In the following months, the researchers wore both masks around campus, making no effort to disturb the crows—but the crows remembered. They scolded the researchers wearing the "dangerous" mask, while spotting the neutral mask seemed to have little to no effect. Even with the masks turned upside down, or disguised with a hat, the crows still recognized the face.

I mentioned Marzluff's study to McGowan. "They go way beyond facial recognition," he said. "The ones that live here at the lab of ornithology, that are in the parking lot, they know my walk. They can identify me from behind." The crows have also learned to recognize McGowan's car: "They actually will anticipate where I'm going and go sit by my car when I'm walking to it." (The crows like McGowan, not least because he keeps peanuts for them in his car.)

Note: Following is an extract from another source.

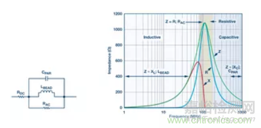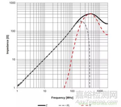 從直流電(DC,0Hz)直到諧振頻率fr,鐵氧體磁珠的阻抗行為都是感性的。
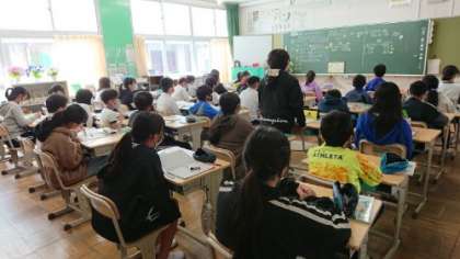 2年生の写真は授業の終わりのあいさつをするところです。

Crows also have the ability to solve complex problems, demonstrated in this BBC clip narrated in David Attenborough's dulcet tones. Faced with a type of nut too hard for them to crack, crows drop the nuts into pedestrian crosswalks and wait for a car to run over them. Once the way is clear, they drop down and grab their snack. Not only have they figured out how to use cars as excessively giant nutcrackers, but they've figured out how to wait for the light to change to safely time their retrieval.

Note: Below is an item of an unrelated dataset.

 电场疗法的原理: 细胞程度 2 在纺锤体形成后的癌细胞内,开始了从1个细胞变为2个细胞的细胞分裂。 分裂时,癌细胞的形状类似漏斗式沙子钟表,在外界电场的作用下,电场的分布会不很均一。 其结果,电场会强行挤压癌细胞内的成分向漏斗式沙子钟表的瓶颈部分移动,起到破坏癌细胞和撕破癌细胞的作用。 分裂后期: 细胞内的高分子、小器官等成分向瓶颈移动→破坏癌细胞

Crows are also unusual in their social structure. They mate for life, form close-knit communities, and the juveniles sometimes stick around to help raise their younger siblings—just like in a human family. (Okay, like in a functional human family.) The Cornell lab has even documented a case of adoption, when some crows orphaned by West Nile virus were taken in by their avian neighbor. And crows' longer lifespan—some living up to 20 years in the wild—means they can take more time to "grow up," as McGowan says. Crows enjoy an extended adolescence, and just like human teenagers they spend a lot of that time goofing off, showing a particular affinity for punking dogs.

Advertisement

But the question is: why corvids? What led them to develop this human-like intelligence, and why do they pay attention to human behavior the way they do?

McGowan says that over generations, crows have been genetically selected to pay attention to human behavior, and he cites our turbulent history with crows as the impetus. "People used to shoot them whenever they could get a chance," he said. "So crows have been paying attention to people for a long time because they use some of our food…but somewhere along the line they've also figured out that it pays to pay attention to individual people—that all people are not created the same. Some are dangerous, some are not."

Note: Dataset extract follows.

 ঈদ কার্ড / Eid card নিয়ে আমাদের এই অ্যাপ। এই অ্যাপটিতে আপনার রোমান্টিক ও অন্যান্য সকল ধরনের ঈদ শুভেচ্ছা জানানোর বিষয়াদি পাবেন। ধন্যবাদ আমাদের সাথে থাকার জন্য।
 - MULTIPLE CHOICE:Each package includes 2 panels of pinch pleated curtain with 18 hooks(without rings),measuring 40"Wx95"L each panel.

When we talk about animal intelligence, though, it's important to account for our own human bias. Biology professor Megan Gall at Vassar College told me that from her perspective, "corvids aren't necessarily 'smarter' than other birds…they have an intelligence that more closely mirrors that of human intelligence. In other words, they are good at tasks that we have an easy time identifying with."

It's an interesting thought. We use our own abilities as a yardstick for what "intelligence" means, and that may not be completely fair to other species with highly specialized skills—like echolocation, for example.

But regardless of how we view animal intelligence, it's clear that crows and other members of the Corvid family show some surprising capabilities that could help humans see them in a different light. In a feature on the ornithology lab website, McGowan is hopeful for a change in public perception. "People attribute some sort of malicious intent to what crows do when they're just trying to raise their kids like everybody else," he says. "It's not a bunch of juvenile delinquents coming through and trying to cause trouble."